The Varian Proton Therapy Multileaf Collimator is an accessory proton beam collimator designed to be mounted on a proton radiation therapy system and is designed to shape the treatment field perimeter. The Proton Therapy Multileaf Collimator is designed to shape a proton beam for cancer treatment. There are two operating modes: Pencil Beam Scanning (PBS) where proton therapy equipment nozzle scanning magnets direct a. the proton beam to the voxel of treatment while the Proton Therapy Multileaf Collimator is parked with the carriage fully retracted for largest possible exposure field. b. Beam Shaping where the Proton Therapy Multileaf Collimator collimates the beam for treatment, replacing the current patient-customized final collimator. This Proton Therapy Multileaf Collimator mode of operating is used for double and single scattering and uniform scanning proton treatment modes.

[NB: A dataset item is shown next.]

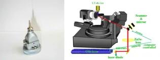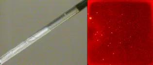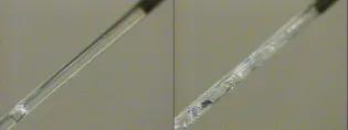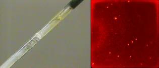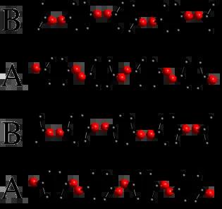 Many interesting compounds are liquids or gases at room temperature, and Edinburgh is one of only a handful of chemistry departments in the world where expertise is available for the determination of the crystal structures of these materials. This type of experiment allows the structures of the very simplest molecules to be determined in the solid state - molecules unencumbered by steric effects of bulky substituents. We can, of course, also solve structural problems that are resistant to other techniques like NMR in the case organic molecules, which exhibit rapid torsional flexibility. For low temperature experiments, the sample is contained within a capillary, which is mounted directly on the diffractometer. The sample is then crystallised in situ by means of a zone refinement technique using an infra-red laser. Data are collected in the usual way. Figure left: Goniometer head with fibre attachment used for single crystal measurements. Right optical heating and crystallisation device The sample is placed into a glass capillary, which in turn is mounted on a goniometer head. The sample is then placed on the diffractometer and a single crystal is grown in situ with an optical heating and crystallisation device (OHCD). The OHCD device is an infra-red, 25 Watt CO2 laser which is used to heat the sample under study. The laser beam position and power output are computer controlled for accuracy.The sample is cooled using the cryostream until solid. However, supercooling can occur where by the sample remains a liquid at a temperature beneath its melting point (left). Flash freezing the sample usually induces glass formation (right). By moving the laser of the OHCD device along the length of the capillary (left), the glass may be annealed into a polycrystalline powder (middle). This can be observed both from the appearance of the sample and its diffraction pattern (right). Careful manipulation of the power of the laser, together with the time taken to scan the laser up and down the capillary containing the sample, slowly induces single crystal growth (left). The quality of the crystal is constantly monitored using its diffraction pattern (right). Growth after 6 hours is shown After growing a crystal and zone refining it with the laser for 12 hours the diffraction pattern has improved dramatically and the crystal growth and the correspoding diffraction pattern are shown. By combining this experimental technique with that of gas phase electron diffraction (see Prof. Rankin), very simple molecules can be studied in the solid and gas phase. A recent example of such a combined investigation is shown in the structure of GaBH6. Unlike the structure in the gas phase, in which GaBH6 forms a similar structure to that of diborane, the GaBH6 molecules forms a helical polymeric structure in the solid state. The structure of acetone has been studied at both low temperature and at high pressure. At low temperature, acetone has been shown to crystallise in two phases; a metastable C-centred orthorhombic phase and a stable primitive orthorhombic phase. The metastable phase resembles that of the high pressure structure, having a C=O···C=O distance of 3.587(3) Å, which is significantly greater than that observed in the high pressure studies. The metastable phase readily decomposes to the primitive phase, in which acetone forms two layers (A and B) as shown. In layer A, the acetone molecules form a "chain" like structure, with head to tail C=O···C=O contacts (3.458(3) Å) In layer B, each acetone molecule forms close contacts with three neighbours. The C=O···C=O contacts between "pairs" of acetone molecules is observed to be 3.300(3) Å, while those between the "single" acetone and the associated "pair" is 3.458(3) Å. This article was published on 2024-08-30

The provided text describes a 510(k) summary for the Varian Medical Systems Proton Therapy Multileaf Collimator (K093252). However, this document does not contain information regarding acceptance criteria, device performance metrics, or any study details (sample size, data provenance, ground truth establishment, expert qualifications, adjudication methods, or MRMC studies) related to proving the device meets acceptance criteria.

The document focuses on:

• Identification of the device and submitter: Varian Medical Systems Proton Therapy Multileaf Collimator.
• Classification details: Class II device, product code LHN.
• Predicate device: Varian Medical Systems Millennium Multileaf Collimator (K050442).
• Description of the device: An accessory proton beam collimator used to shape the treatment field perimeter, with two operating modes (Pencil Beam Scanning and Beam Shaping).
• Intended Use Statement: To assist radiation oncologists in delivering proton radiation to target volumes while sparing normal tissue.
• Substantial Equivalence: Claimed equivalence to the predicate device.
• FDA Clearance Letter: Confirms substantial equivalence determination (K093250 - note: there's a discrepancy in the K number cited in the summary vs. the clearance letter, with the letter stating K093250).

Since the document is a 510(k) summary for a medical device accessory and not a diagnostic or AI-driven tool, the type of performance studies and acceptance criteria typically associated with such technologies (e.g., sensitivity, specificity, AUC, human reader improvement with AI) are not applicable or, at least, not detailed in this specific submission. The "substantial equivalence" claim is typically based on performance data (e.g., mechanical, electrical, software validation as appropriate for a mechatronic device) demonstrating that the new device is as safe and effective as the predicate, but these specific criteria and the studies proving them are not elaborated upon in this summary.

Therefore, I cannot provide the requested information based on the given text.